In its place, Mayor de Blasio should implement a more comprehensive campaign to prevent unwanted pregnancy—not just teen pregnancy—focusing on increased access to birth control, abortion care, and a full host of reproductive health-care provisions. In other words, a campaign that informs New Yorkers about the full spectrum of sexual and reproductive health care. Rather than centering around shame, these campaigns should center around empowerment and information. Crying infants and manipulative rhetoric should be replaced with information about emergency contraception and clinic locations.

This campaign could coincide with a wider effort to increase access to sexual and reproductive health care across the city. As a city council member, de Blasio co-sponsored legislation to institute protective zones around reproductive health-care clinics. Currently, New York is one of the 15 states that provides Medicaid assistance to help low-income people access abortion care, but cost is still a deterrent for many. The de Blasio administration should focus on ways to increase city-funded access to reproductive health care, including abortion.

New York City is also facing a homelessness crisis, one that disparately affects single mothers and their children. Despite national trends that show a decrease in homelessness, the percentage of New Yorkers who are homeless has spiked. The city’s homeless population increased by 13 percent from 2012 to 2013 alone. According to the advocacy group Legal Momentum, three-quarters of homeless families are headed by a single mother, all who are left without any safety net from the city.

The Bloomberg administration essentially abandoned funding for Section 8 housing in favor of the Advantage program, which gave homeless households short-term rental subsidies to help them find housing. The Coalition for the Homeless called the Advantage program “wasteful and ineffective,” noting that more than one of every three formerly homeless families returned to a homeless shelter as soon as their subsidies ended. Due to budget cuts, the Advantage program was terminated in 2011 and has not been replaced with any other program to provide housing to homeless New York City families.

Mayor de Blasio has already begun to address the city’s homelessness crisis. His new administration reinstated “Code Blue” shelter guarantees that enable access to shelters for families in dangerously cold weather emergencies, a program the Bloomberg administration covertly ended over a year ago. While this is an admirable move, let’s hope it is only the beginning of a comprehensive, city-funded effort to increase safe and accessible housing for the burgeoning homeless population in New York City.

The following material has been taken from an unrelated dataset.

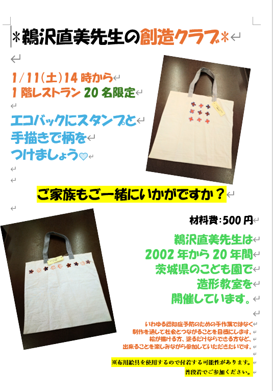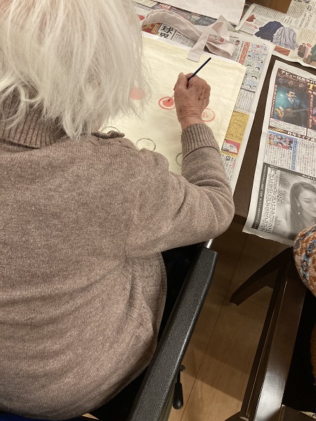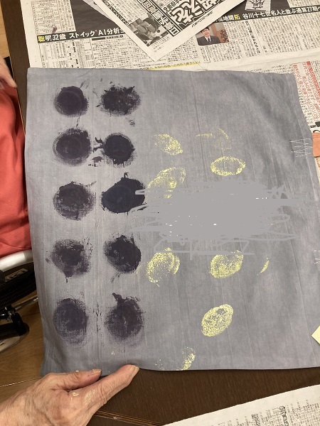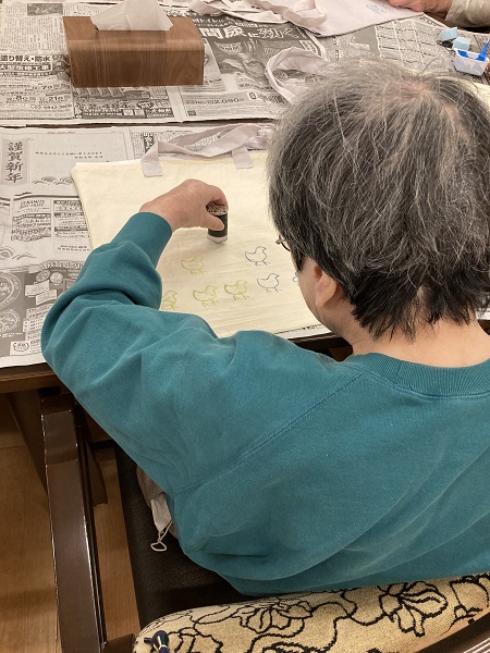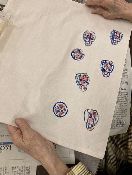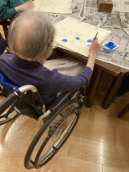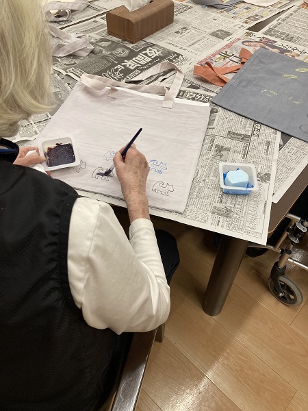 先生が作成したエコバックに、ご入居者が衣料用絵具でスタンプを押したり、着色したり、

We’re off to a good start in other ways as well. For instance, de Blasio has already expressed his intent to increase taxes on those making more than $500,000 a year to pay for early education and after-school programs, programs that would no doubt have a significantly positive impact on mothers and their children.

But the potential is greater: Mayor de Blasio has a real opportunity to radically restructure the way New York City deals with access and opportunity for mothers and their children. By increasing access to safe and affordable housing, ending the city’s shaming teen pregnancy prevention program, and centering reproductive and sexual health care as utmost priorities, the de Blasio administration can begin to move both the city and the nation in a more progressive, just direction, and markedly improve the lives of New York City mothers and women.